10.1101/2022.01.04.474350 ◽

2022 ◽

Author(s):

Quentin Chesnais ◽

Victor Golyaev ◽

Amadine Velt ◽

Camille Rustenholz ◽

Véronique Brault ◽

...

Keyword(s):

Feeding Behavior ◽

Myzus Persicae ◽

Virus Transmission ◽

Transcriptome Profiling ◽

Defense Responses ◽

Plant Viruses ◽

Transmission Mode ◽

Insect Vector ◽

Plant Host ◽

Aphid Vector

Background: Evidence accumulates that plant viruses alter host-plant traits in ways that modify their insect vectors' behavior. These alterations often enhance virus transmission, which has led to the hypothesis that these effects are manipulations caused by viral adaptation. However, the genetic basis of these indirect, plant-mediated effects on vectors and their dependence on the plant host and the mode of virus transmission is hardly known. Results: Transcriptome profiling of Arabidopsis thaliana and Camelina sativa plants infected with turnip yellows virus (TuYV) or cauliflower mosaic virus (CaMV) and infested with the common aphid vector Myzus persicae revealed strong virus- and host-specific differences in the gene expression patterns. CaMV infection caused more severe effects on the phenotype of both plant hosts than did TuYV infection, and the severity of symptoms correlated strongly with the proportion of differentially expressed genes, especially photosynthesis genes.
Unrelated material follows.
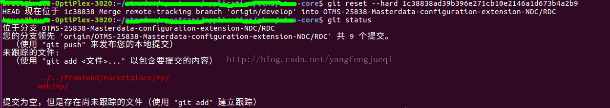 現(xiàn)在要撤銷該commit,但是又不能撤銷該提交包含的更改,使用git reset --soft,執(zhí)行結果為

Accordingly, CaMV infection modified aphid behavior and fecundity stronger than did infection with TuYV. Conclusions: Overall, infection with CaMV — relying on the non-circulative transmission mode — tends to have effects on metabolic pathways with strong potential implications for insect-vector / plant-host interactions (e.g. photosynthesis, jasmonic acid, ethylene and glucosinolate biosynthetic processes), while TuYV — using the circulative transmission mode — alters these pathways only weakly. These virus-induced deregulations of genes that are related to plant physiology and defense responses might impact aphid probing and feeding behavior on both infected host plants, with potentially distinct effects on virus transmission. Keywords: Caulimovirus, polerovirus, aphid vector, transmission, feeding behavior, insect-plant interactions, transcriptome profiling, RNA-seq.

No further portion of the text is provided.